Wednesday, October 10, 2012

It's All About the . . . Girls

It's Workout Wednesday: YAY! Here's a printable workout for you...

This post in my "It's All About the..." series (see Arms and Legs) is about a problem all women face: gravity. You see gravity is a very strong force that causes certain... things to sag as time goes on. The good news is we can fight gravity and prevent these consequences of aging with simple and effective workouts like this one.


I actually got this workout from Self.com so you can thank them for the clever names. You can view the slideshow by following the link. All you need is medium resistance bands to do this workout on 3 non-consecutive days each week to stop the sag and add perk up the girls.


Download the free printable version.

Description of workout (full glossary):


Breast-in-Show Row
Stand on left leg, loop band around right foot and hold an end in each hand. Extend right leg and arms out in front of you to start.

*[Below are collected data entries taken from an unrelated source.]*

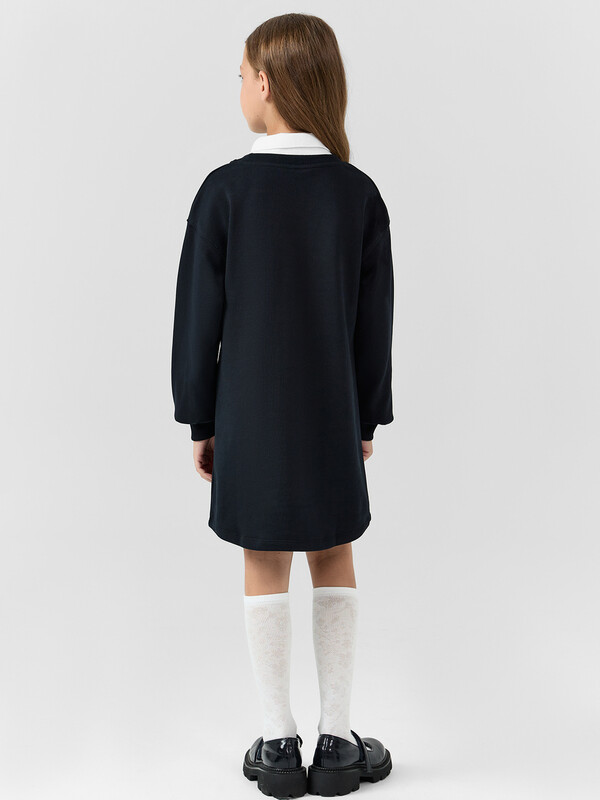 Платье свободного силуэта. Перед и спинка цельнокроеные. Горловина круглой формы c окантовкой из трикотажного полотна рибаны. В горловину втачан вязаный воротник, шов втачивания закрыт х/б тесьмой. Рукава длинные, втачные. Линия плеча спущена. По низу рукавов притачные манжеты из трикотажного полотна рибаны. Низ изделия фигурный, обработан на 2-х игольной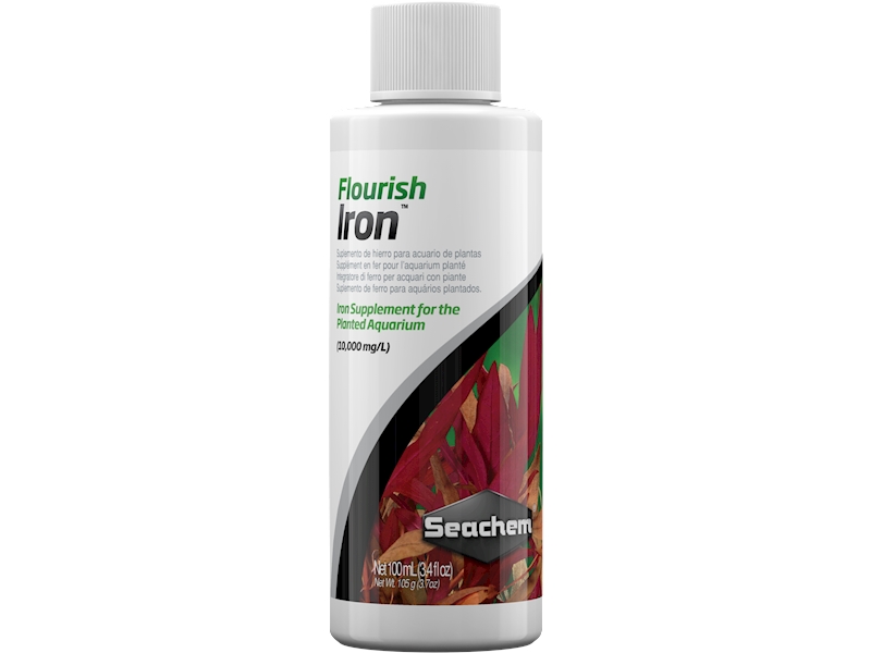 Flourish Iron je vysoce koncentrovaný (10 000 mg/l) roztok glukonátu dvojmocného železa (Fe + 2). Měl by být používán v případech, kdy požadavek na železo překračuje možnosti aplikace přípravku Flourish v doporučené dávce nebo se objeví příznaky nedostatku železa (např. krátké a štíhlé stonky nebo žloutnutí mezi žilkami). Rostliny mohou mnohem snadněji získávat železo z Flourish Iron, než z komplexů EDTA, protože veškeré železo vázané v EDTA je ve stavu iontů železitých (Fe + 3). Vzhledem k tomu, že rostliny vyžadují železo v dvojmocném stavu, musí být vynaložena další fyziologická energie, aby se extrahovalo železo z EDTA-komplexu, které se pak musí přeměnit z trojmocné na dvojmocnou formu. Neobsahuje fosfáty ani dusičnany. Flourish Iron je bezpečný pro bezobratlé, jako jsou krevetky.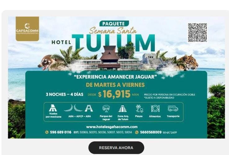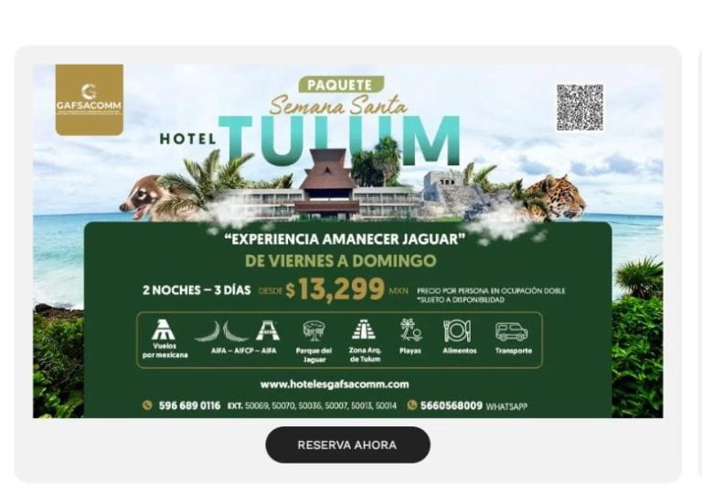 Todos los paquetes incluyen vuelos desde el Aeropuerto Internacional Felipe Ángeles (AIFA) con Mexicana, traslados, hospedaje en los Hoteles Tren Maya y alimentación.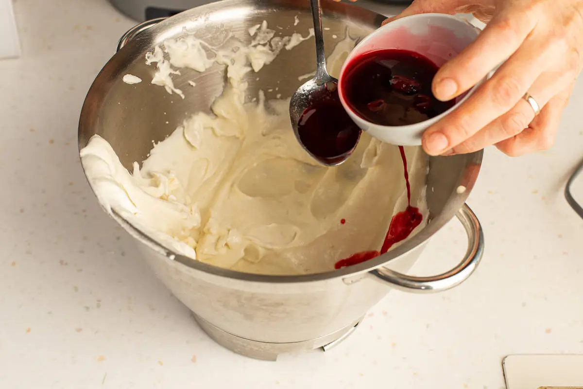 Остальное разделите пополам, в одну часть добавьте ягодный сок и перемешайте.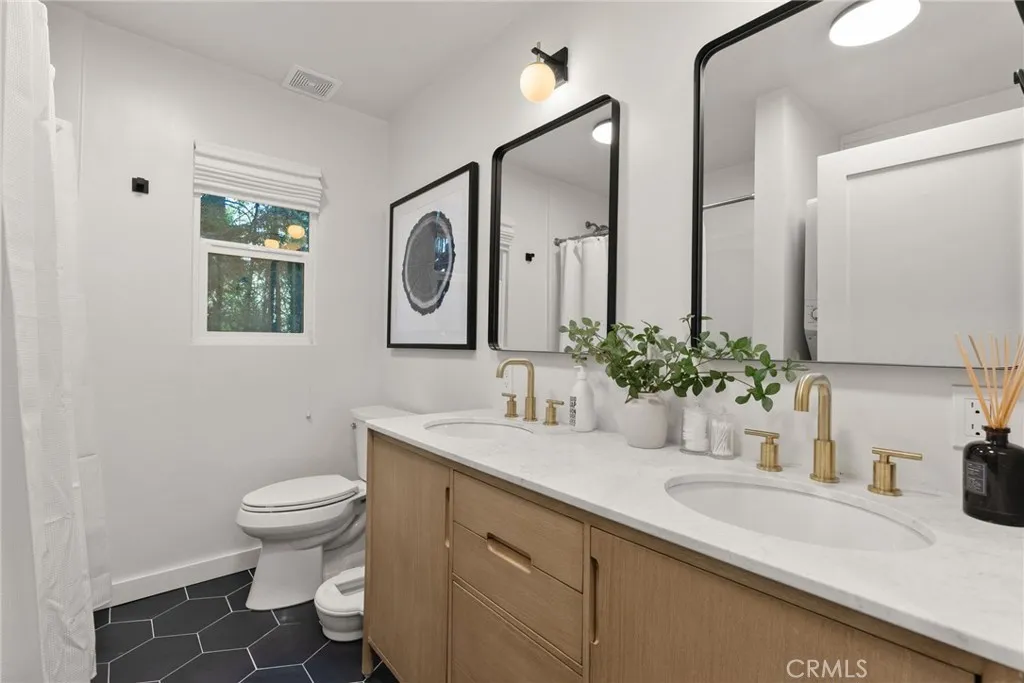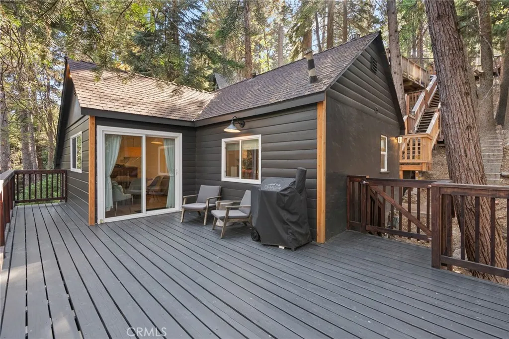 This is great personal getaway and an amazing investment property as it is a very active vacation rental. Beautifully renovated one-bedroom, one loft, two-bathroom cabin embodies a designer-inspired ambiance that effortlessly blends contemporary comfort with the warmth of nature, making it the ultimate haven for both relaxation and adventure. With the large downstairs bedroom, open living room and additional loft, this cabin accommodates up to 6 guests and is perfect for family gatherings, fun-filled weekends with friends or continue to use as a short term rental - income property. As you step inside, you’ll be greeted by a bright and inviting living room that exudes charm, featuring all-new finishes, contemporary cabinetry, new flooring and brand new kitchen. The cabin has a large deck to enjoy summer al-fresco dining and gatherings and a place to set your eyes on as you watch the snow fall on winter days snuggled up by the warm fireplace. This space is more than just a cabin; it’s an experience waiting to unfold. Whether you’re cozying up for a night in, hosting friends, or exploring the lucrative potential of an vacation rental, this cabin is designed for creating lasting memories. Centrally located in the highly sought-after Lake Arrowhead area, you’ll enjoy unparalleled access to local attractions, breathtaking scenic views, and a plethora of outdoor activities. Notable upgrades include a newer roof, updated electrical wiring and panel, replaced plumbing, beautiful new cabinetry, and elegantly redesigned kitchen, bathrooms and finishes. Your Twin Peaks & Lake Arrowhead adventure awaits! Please note - the cabin has been continuously booked for STR!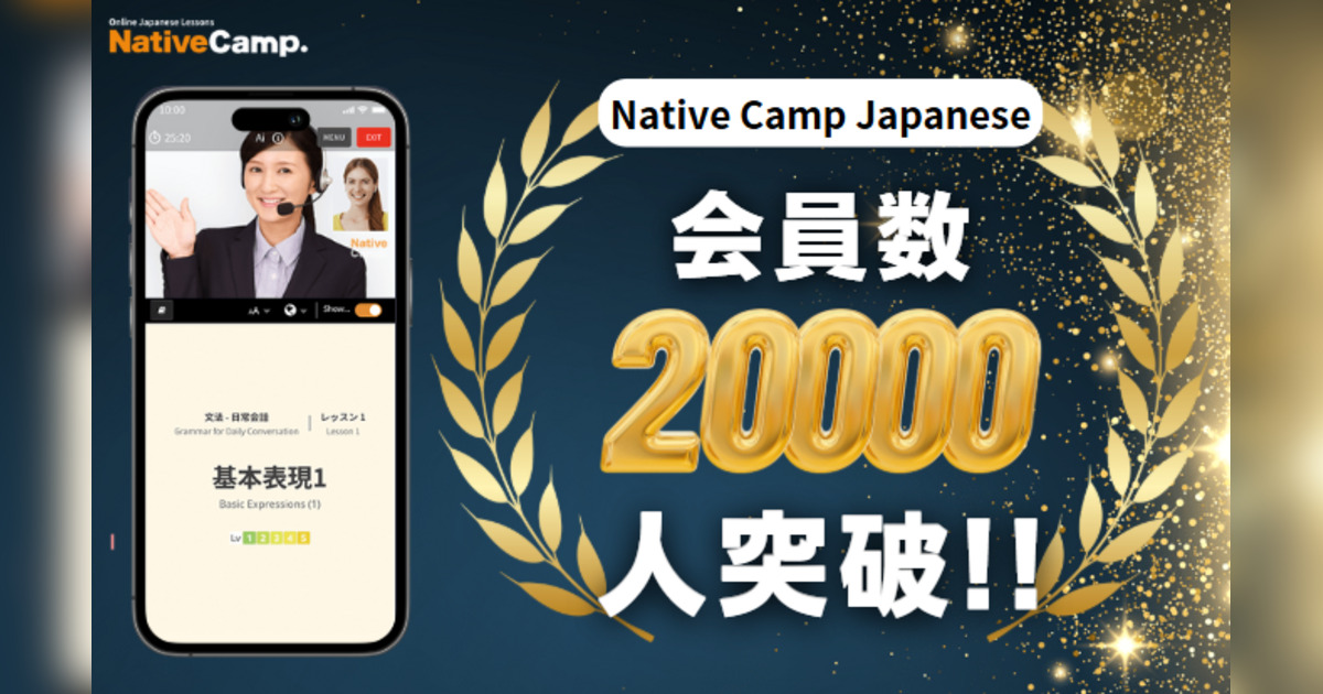 株式会社ネイティブキャンプ(本社:東京都渋谷区、代表取締役社長:谷川国洋)が提供するオンライン日本語会話サービス『Native Camp Japanese』は、このたび、会員数が20,000人を突破したことをお知らせいたします。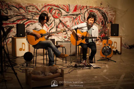 当初から月2回定期的にオープンマイク方式(誰でもステージに立って、演奏に限らず何かを発表できるルール)の『ENOTN MIC』というイベントを開催しており、毎回その日のライブの様子をUSTREAM生放送で世界に向けてネット配信しています。参加者それぞれの遠方のファンの方にも大変ご好評を頂いております。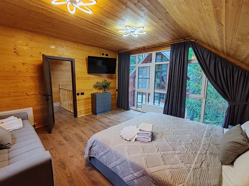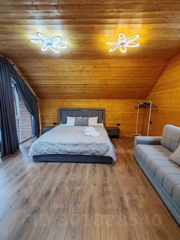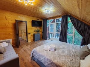 Третий этаж-мансардная спальня с двуспальной кроватью и раскладным диваном.

Bend arms and draw elbows straight back. Be careful not to hunch forward; keep back straight and shoulders down and back. Slowly release arms, keeping leg extended. Do reps and switch legs.

Bust a Move
Stand in a side lunge, right leg bent and right foot turned out at an angle. Place one end of a band under right foot. Bend at waist so chest points over right thigh toward floor and hold arms extended out to sides to start. In one fluid motion, pull the brand up and back, diagonally across body, as you raise torso and rotate it open. Slowly return to start. Do reps then repeat on opposite side.

Cleavage Kickback
Stand on an exercise band, feet hip-width apart, holding an end in each hand. With arms down at sides, squat and bend slightly at waist, keeping back flat. Draw the band behind you, keeping arms straight, squeezing shoulder blades together and feeling chest stretch open. Slowly release arms for one rep.

Full Circle
Start in a push-up position on knees or toes with hands set wide. In one fluid, circular motion, shift weight to right arm, lower yourself to the floor, the shift weight across body to left arms and push yourself back to start. Do reps then change direction.

Glute Bridge March
Lie on your back with your knees bent and your feet flat on the floor. Rest your arms on the floor at should level, with palms facing up. Raise your hips so your body forms a straight line from your shoulders to your knees. Engage your abs and lift your knee toward your chest, hold then lower. Repeat on other leg.

Perky Pike
Start in an inverted-V pike position, hands and feet on floor, butt lifted high, to start. Lower left forearm to floor, then lower right forearm to floor. Straighten left elbow the right elbow, to return to start for one rep. Do reps then reverse order.

Sag Stopper
Start in a lunge with a band looped under back foot. Hold an end in each hand buy shoulders, arms bent and parallel to the floor, elbows behind you. Press arms straight out to front, level with shoulders. Slowly and with control, bring arms back to start so you feel chest stretch open. Do reps then repeat on opposite side.

Superwoman Slide
Start in a push-up position, hands directly under shoulders, resting on paper or plastic plates (for carpet) or washcloths (on wood or linoleum) as gliders. Keeping arms straight, slowly slide them out in front of you in a V shape to lower chest toward floor. Hover above floor if possible, and then rest on floor. Bend arms to slide hands under shoulders and push up to start.

X-Raise
Stand with feet hip-with distance apart, the end of a band under each foot. Hold the other end in the opposite hand so band crisscross in front of you, hands at sides. Bend knees and squat extending arms out slightly to sides. As you straighten legs to stand, simultaneously reach up and out. Return to squat.